**AIM OF THE EXERCISE**
Extract the lines of the material below, beginning with the first and ending with the line that holds "i-tec USB C". Skip every picture.

**RECORDS SHOWN**
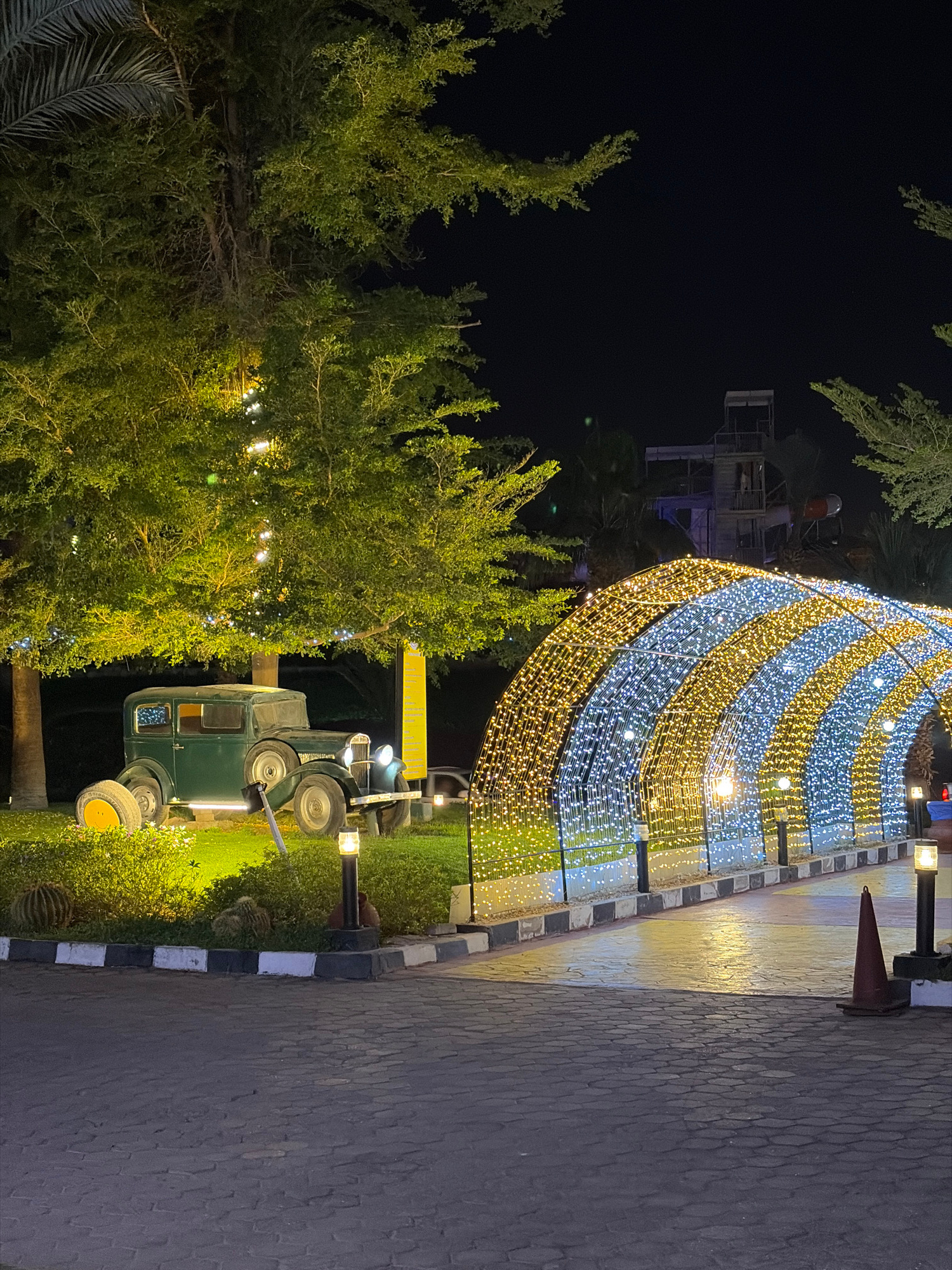 The photograph, taken in Sharm El Sheikh, Egypt, depicts a scene at night. The most prominent feature is an illuminated structure adorned with alternating horizontal bands of white and yellow lights,…read more
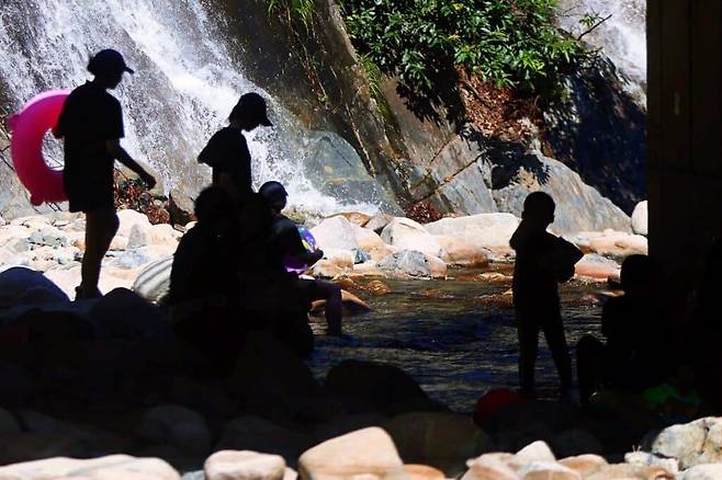 지난 30일 경남지역 낮 최고기온은 32~36도로, 그야말로 찜통더위의 날씨였다. 그늘진 물가에서 차가운 물줄기와 상쾌한 물소리를 즐기며 저마다 피서와 힐링의 시간을 보냈다.
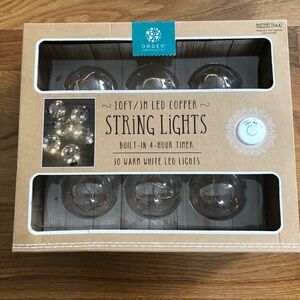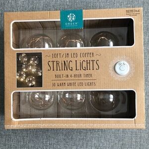 10 ft Decorative LED lights with built in 4 hour timer. 30 Warm White LED lights. Requires 3 AA batteries.
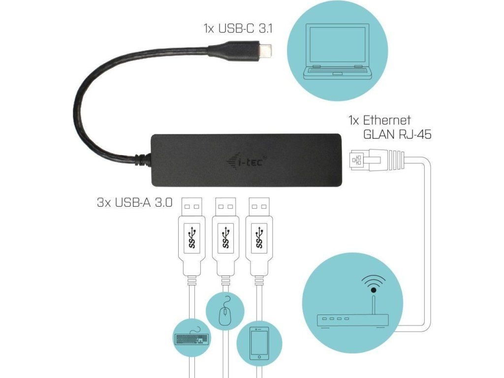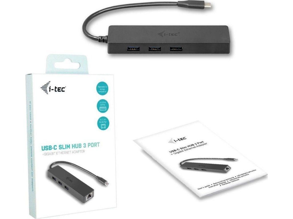 i-tec USB C Slim 3-portový HUB s adaptérom Gigabit Ethernet, USB 3.0 na RJ-45, 10/100/1000 Mb/s, 3x USB 3.0 port, pre notebook tablet smartfón PC s konektorom USB-C, kompatibilný s Thunderbolt 3, Windows Mac Linux Android
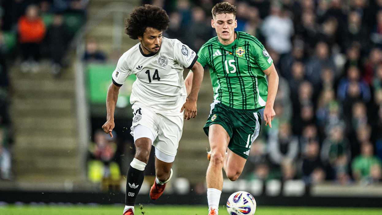 Die Uhr tickte zugunsten der DFB-Auswahl, aber Nordirland blieb weiter gefährlich. Erst verfehlte Galbraith einmal mehr aus der Distanz nur knapp (85.). Drei Minuten später brachte Callum Marshall das deutsche Tor aus acht Metern in die Bredouille und zwang Baumann zu einem weiteren starken Reflex (88.). Doch das DFB-Team rettete den knappen Vorsprung über die Zeit.

**TASK RESPONSE**
 The photograph, taken in Sharm El Sheikh, Egypt, depicts a scene at night. The most prominent feature is an illuminated structure adorned with alternating horizontal bands of white and yellow lights,…read more
 지난 30일 경남지역 낮 최고기온은 32~36도로, 그야말로 찜통더위의 날씨였다. 그늘진 물가에서 차가운 물줄기와 상쾌한 물소리를 즐기며 저마다 피서와 힐링의 시간을 보냈다.
 10 ft Decorative LED lights with built in 4 hour timer. 30 Warm White LED lights. Requires 3 AA batteries.
 i-tec USB C Slim 3-portový HUB s adaptérom Gigabit Ethernet, USB 3.0 na RJ-45, 10/100/1000 Mb/s, 3x USB 3.0 port, pre notebook tablet smartfón PC s konektorom USB-C, kompatibilný s Thunderbolt 3, Windows Mac Linux Android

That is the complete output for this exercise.